(DATA PROVIDED)
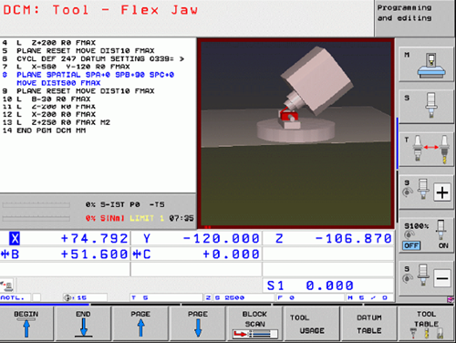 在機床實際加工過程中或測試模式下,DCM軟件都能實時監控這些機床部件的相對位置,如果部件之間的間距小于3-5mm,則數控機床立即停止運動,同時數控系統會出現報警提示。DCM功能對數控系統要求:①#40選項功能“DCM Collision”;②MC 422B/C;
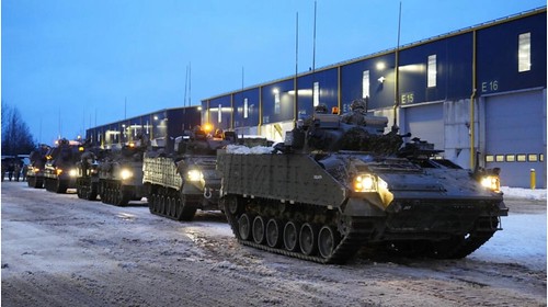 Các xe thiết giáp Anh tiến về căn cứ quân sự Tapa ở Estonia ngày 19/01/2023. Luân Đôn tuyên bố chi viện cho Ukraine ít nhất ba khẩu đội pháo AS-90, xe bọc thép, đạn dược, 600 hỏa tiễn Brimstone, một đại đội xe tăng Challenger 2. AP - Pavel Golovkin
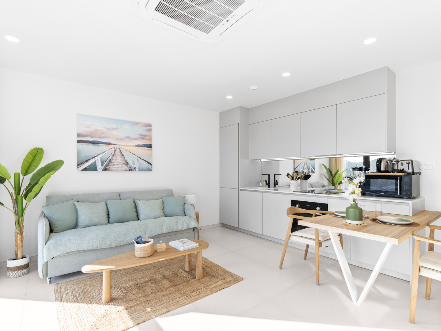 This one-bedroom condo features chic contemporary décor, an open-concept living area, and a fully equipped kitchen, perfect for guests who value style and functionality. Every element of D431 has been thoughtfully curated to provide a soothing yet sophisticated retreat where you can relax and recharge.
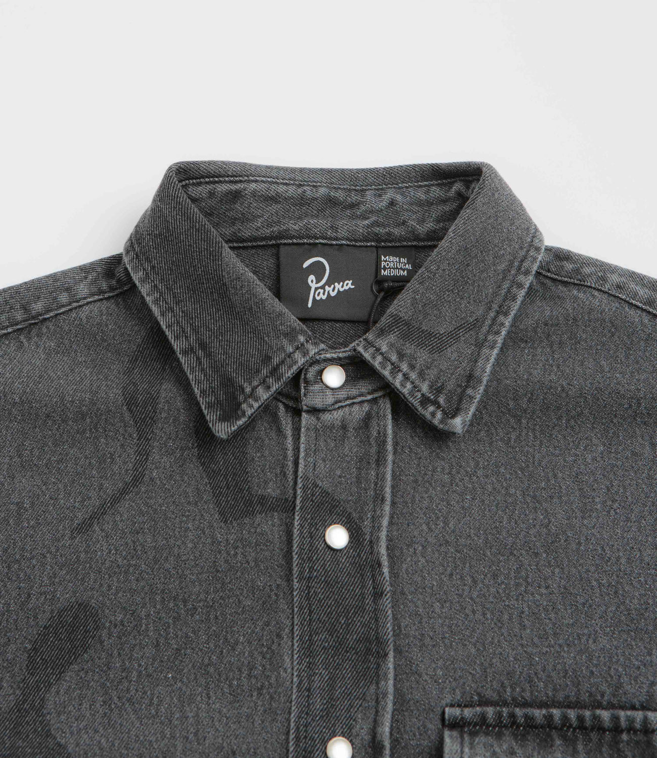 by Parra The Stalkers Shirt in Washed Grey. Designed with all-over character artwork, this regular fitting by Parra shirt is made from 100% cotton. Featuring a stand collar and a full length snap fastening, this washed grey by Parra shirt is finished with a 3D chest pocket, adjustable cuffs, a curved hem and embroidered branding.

(WHAT IS NEEDED) All lines of the listing must be given again exactly, excluding the pictures.

(RESPONSE TO THE TASK)
 在機床實際加工過程中或測試模式下,DCM軟件都能實時監控這些機床部件的相對位置,如果部件之間的間距小于3-5mm,則數控機床立即停止運動,同時數控系統會出現報警提示。DCM功能對數控系統要求:①#40選項功能“DCM Collision”;②MC 422B/C;
 Các xe thiết giáp Anh tiến về căn cứ quân sự Tapa ở Estonia ngày 19/01/2023. Luân Đôn tuyên bố chi viện cho Ukraine ít nhất ba khẩu đội pháo AS-90, xe bọc thép, đạn dược, 600 hỏa tiễn Brimstone, một đại đội xe tăng Challenger 2. AP - Pavel Golovkin
 This one-bedroom condo features chic contemporary décor, an open-concept living area, and a fully equipped kitchen, perfect for guests who value style and functionality. Every element of D431 has been thoughtfully curated to provide a soothing yet sophisticated retreat where you can relax and recharge.
 by Parra The Stalkers Shirt in Washed Grey. Designed with all-over character artwork, this regular fitting by Parra shirt is made from 100% cotton. Featuring a stand collar and a full length snap fastening, this washed grey by Parra shirt is finished with a 3D chest pocket, adjustable cuffs, a curved hem and embroidered branding.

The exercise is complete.